Treatment of brain swelling and raised intracranial pressure
- A body position with the head raised by around 30 degrees, to improve venous drainage from the brain.
- Sedation and analgesia, which reduce the brain’s metabolism and limit spikes in ICP caused by agitation, pain or coughing.
- Osmotic therapy, for example mannitol or hypertonic saline, to reduce brain swelling.
- Drainage of cerebrospinal fluid in patients who have a ventricular drain in place.
- Therapeutic hypothermia and barbiturates, considered in selected cases of resistant raised intracranial pressure.
- Decompressive craniectomy in situations where other methods fail.
General medical management in intensive care
- Early enteral feeding to limit catabolism and the risk of complications.
- Anticonvulsant prophylaxis during the first week after a severe TBI, usually using phenytoin or levetiracetam.
- Prevention of infection, aseptic care and early diagnosis of infection.
- Prevention of venous thromboembolism using mechanical methods and heparin, when the patient’s condition allows.
- Parallel treatment of any coexisting multi-organ injuries and systemic complications.
- Neuroprotective drug therapy has limited scope; one exception can be tranexamic acid used early in selected patients with haemorrhagic TBI, whereas steroids are contraindicated.
Acute treatment of TBI has three basic goals: to protect the brain from secondary injury, to stabilise the patient and to prepare them for further rehabilitation. The first days after the injury are critical, and the outcome of treatment depends both on the extent of the injury and on the quality of intensive medical care.
Rehabilitation after injury and post-hospital care
Rehabilitation begins as early as possible, often already in intensive care, where the first measures are put in place to prevent complications from immobility.
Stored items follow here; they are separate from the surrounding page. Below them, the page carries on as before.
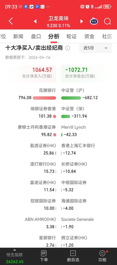 $卫龙美味(HK|09985)$全是南向和散户在割肉,外资吸筹。所以为什么散户永远亏。
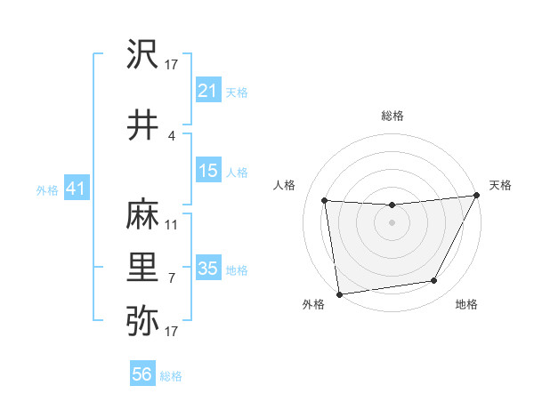沢井 麻里弥さんを姓名の画数から五運を鑑定
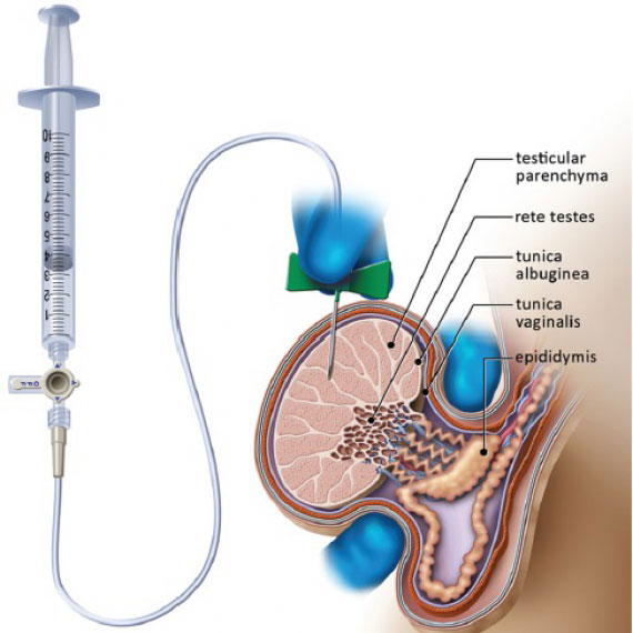 يتم هذا الإجراء بإدخال إبرة دقيقة إلى البربخ أولا ثم إلى الخصية عبر جلد الصفن ورشف مادة من البربخ أو الخصية، أو أخذ خزعات صغيرة مجهرية توضع في سائل مغذي معد مسبقاً لهذا الغرض، ومن ثم فحص هذه العينات مباشرةً بحثاً عن النطاف الناضجة. تؤخذ هذه العينات من عدة أماكن من كل خصية، يحدد عددها تبعاً لحجمها ، وذلك لإجراء مسح وفحص شامل لكل أنسجة الخصية، يفضل إعطاء الصادات الحيوية وقائياً بعد إجراء العملية .
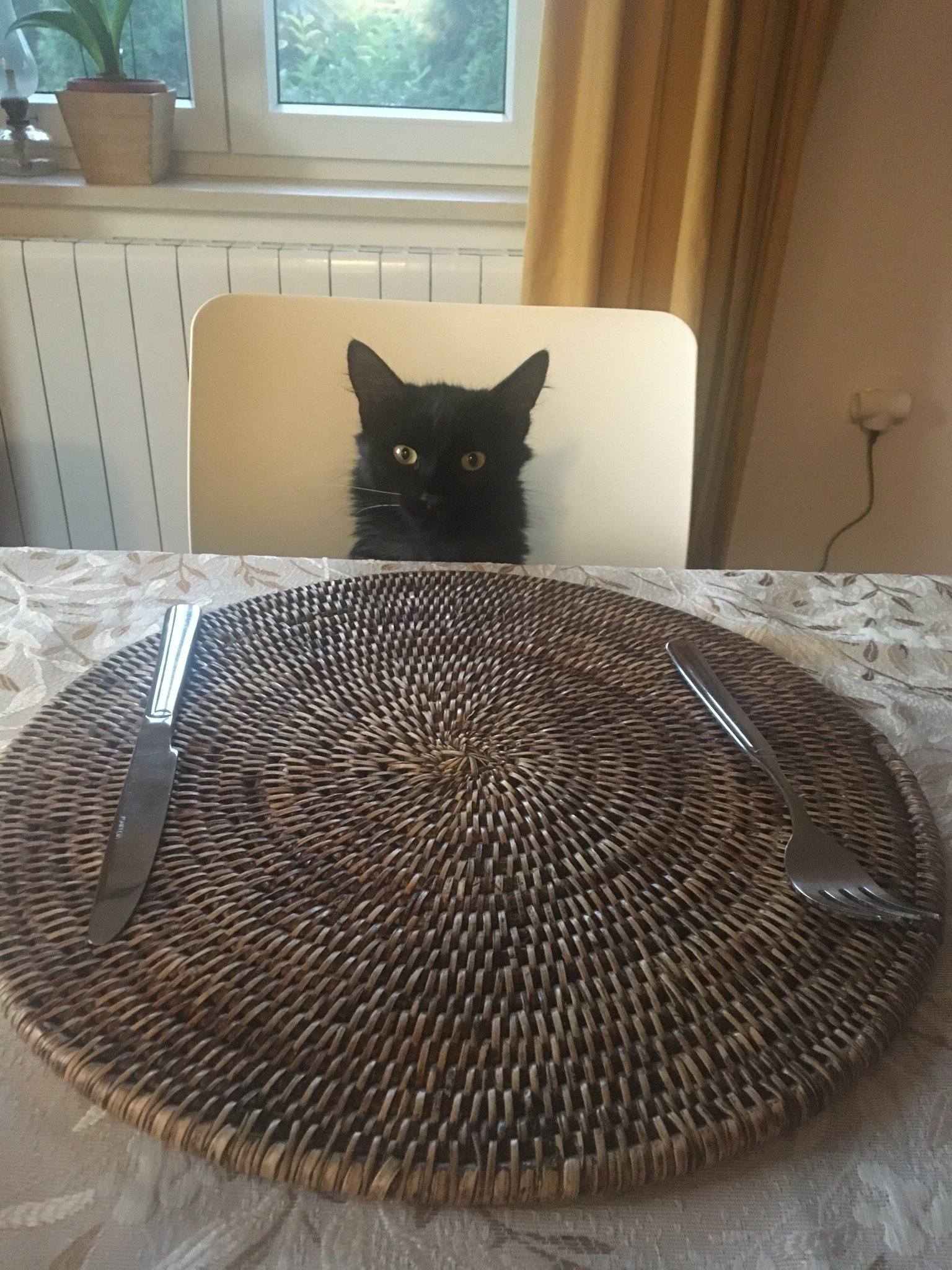 тук просяка , се е курдисал на табуретката, ние с ММ десертираме, а той ни спами
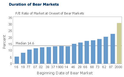 any prior bear market. The average P/E ratio for the 130-year period was
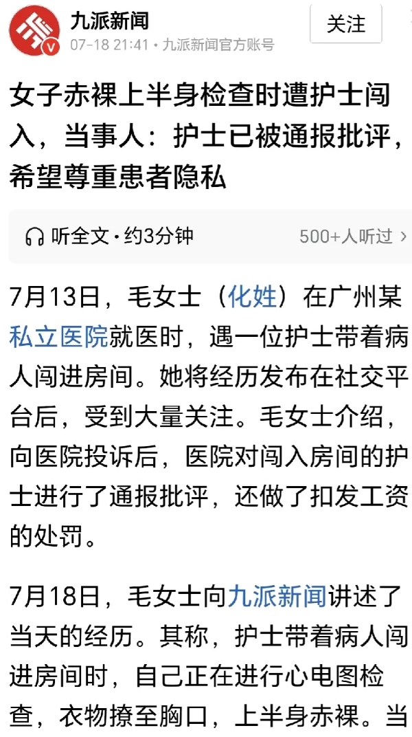 7月18日,九派新闻报道,一女子赤裸上半身检查时遭护士闯入。
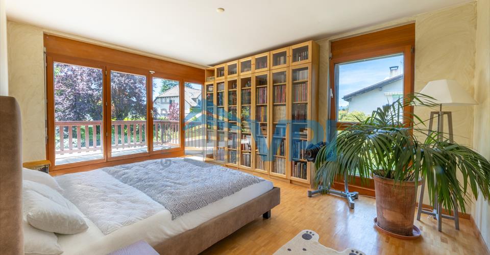 VPI Courtage SA est ravie de vous présenter cette belle maison d’architecte, idéalement située au cœur de Vessy, conçue pour offrir un confort optimal à une grande famille. La maison se dispose de la manière suivante : Au rez-de-chaussée, un vaste espace de vie accueille un salon lumineux ainsi qu’une salle à manger conviviale, ouverts sur l’extérieur. La cuisine, entièrement équipée, complète ce niveau. Au premier étage, trois chambres dont deux avec balcon offrent un cadre de vie agréable et intime. Ce niveau comprend également deux belles salles de bains. Les combles abritent une grande pièce de 42 m² avec une hauteur sous faîtage de 1,94 m, idéale pour un bureau ou un espace de loisirs. Le sous-sol dispose d’une salle de jeux de 38,88 m² avec une entrée indépendante, ainsi qu’une buanderie et une cave.
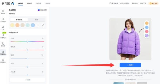 易可图在商品图颜色处理方面,主要依托 AI 商品换色功能,非常适合制作颜色 SKU 图。
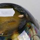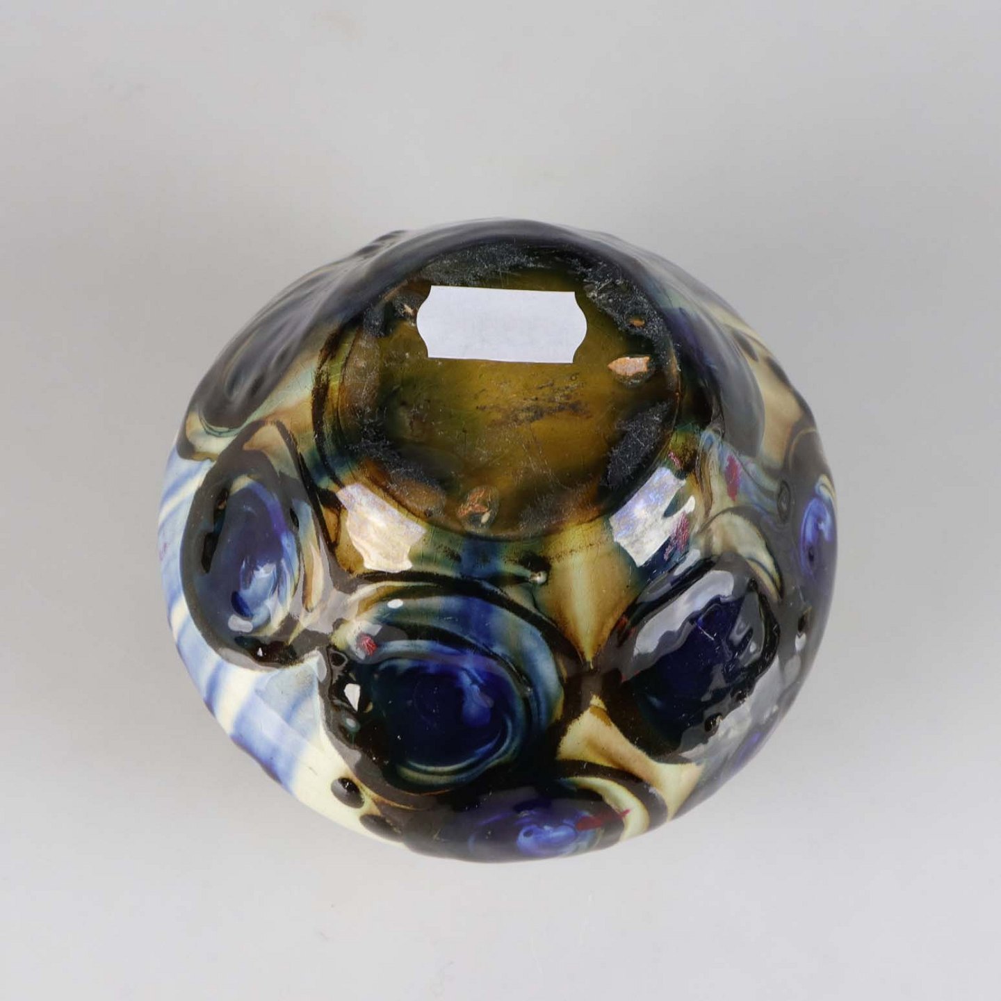 Vase med runde former i farverne brun, hvid og blå

Once stabilised, the patient is transferred to a neurological rehabilitation ward or a specialist post-injury programme.
- Physical therapy: improving muscle strength, range of motion and coordination, together with therapy for gait and balance disorders, as well as preventing contractures and muscle wasting.
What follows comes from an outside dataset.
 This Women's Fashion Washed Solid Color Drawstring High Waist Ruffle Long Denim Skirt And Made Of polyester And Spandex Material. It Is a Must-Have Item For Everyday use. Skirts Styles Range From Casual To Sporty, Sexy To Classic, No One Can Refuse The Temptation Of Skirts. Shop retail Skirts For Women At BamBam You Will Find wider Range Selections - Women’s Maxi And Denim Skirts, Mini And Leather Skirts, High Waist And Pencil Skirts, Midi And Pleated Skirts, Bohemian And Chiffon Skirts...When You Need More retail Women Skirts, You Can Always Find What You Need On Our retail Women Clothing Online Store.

- Speech and swallowing therapy: working on speech, comprehension, language expression and safe swallowing, including specialist therapy for speech and dysphagia.
- Neuropsychology and cognitive training: exercising memory, attention and executive functions, and educating the family about behavioural and communication difficulties.
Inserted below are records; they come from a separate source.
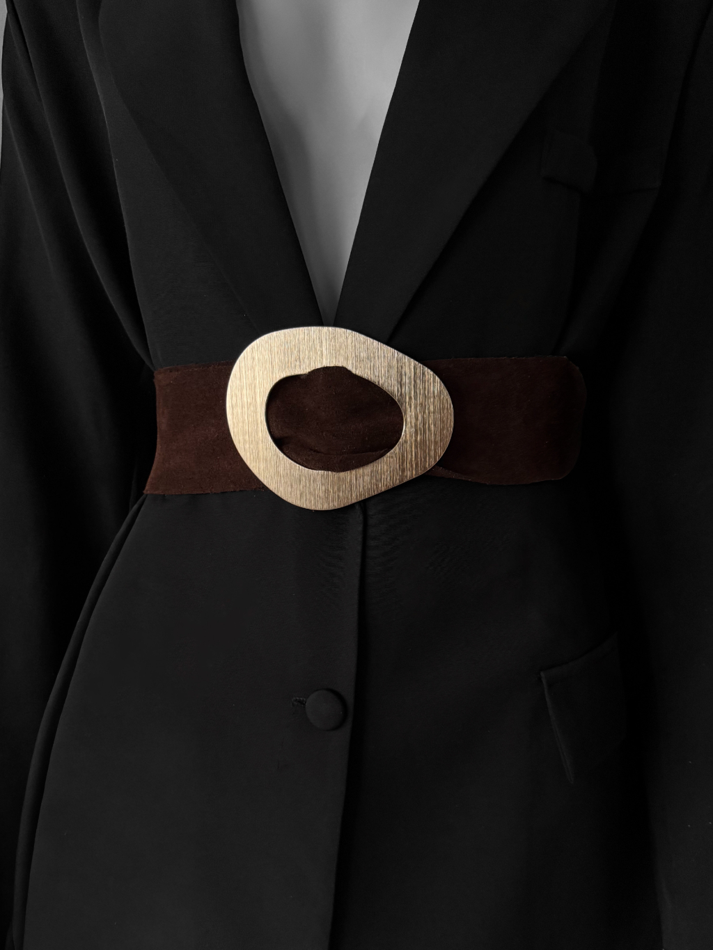 Tmavě hnědý elegantní semišový pásek XELMINA
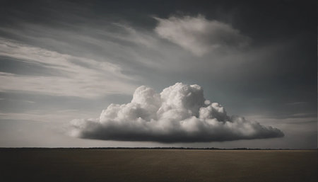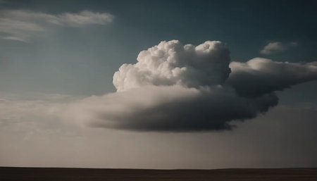 A large cloud in the sky with a dark background. The cloud is white and fluffy, and it looks like it's about to rain. Scene is calm and peaceful, as the cloud is not too big or too small
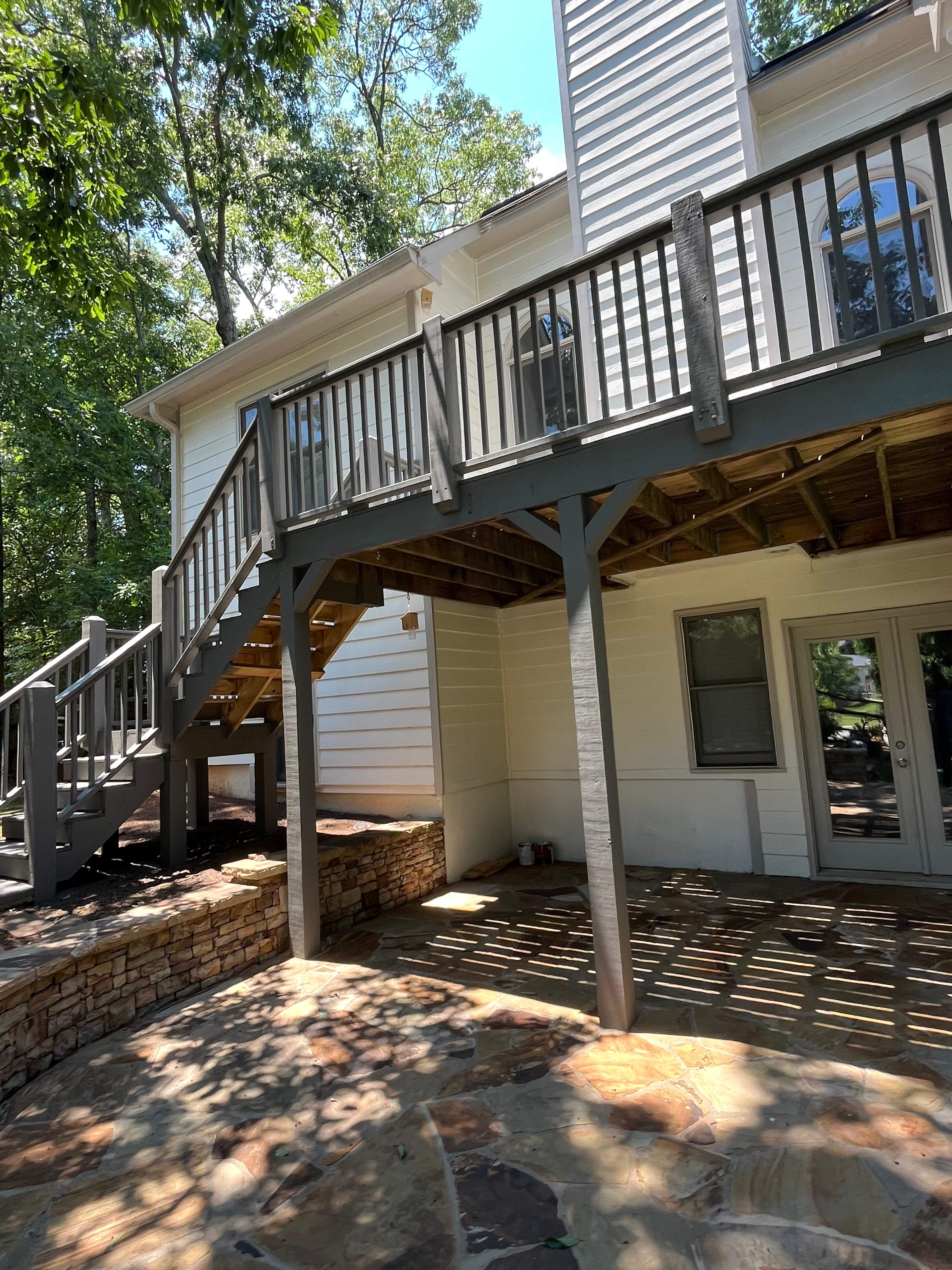 We restored this deck with a full prep and refinish process, starting with a thorough cleaning to remove dirt, mildew, and old failing stain. After allowing proper dry time, we sanded rough areas and addressed any worn or weathered boards to ensure a smooth surface. We then applied a high-quality exterior stain to enhance the natural wood grain while providing long-lasting protection against sun and moisture. The result is a rich, even finish that brings the deck back to life and extends its durability for years to come.

- Psychological and psychiatric support: help with depression, anxiety, behavioural disturbances, emotional lability and readjustment to a new life situation.
- Orthopaedic aids and assistive technologies: orthoses, wheelchairs, standing equipment, robotic rehabilitation systems and other tools chosen to suit the patient’s needs.
The duration of rehabilitation varies greatly. The greatest progress is usually seen in the first months after the injury, but the brain’s neuroplasticity allows for improvement over the longer term as well. After discharge from hospital, rehabilitation should be continued on an outpatient basis or during residential neurological rehabilitation stays.
The family plays an enormous role in the recovery process. They should be involved in rehabilitation, learn how to support the patient’s independence and discover ways of communicating in the case of speech, memory or behavioural difficulties — much as with loss of speech after a stroke and aphasia. In many cases, education is also needed on care, nutrition, tracheostomy or enteral feeding.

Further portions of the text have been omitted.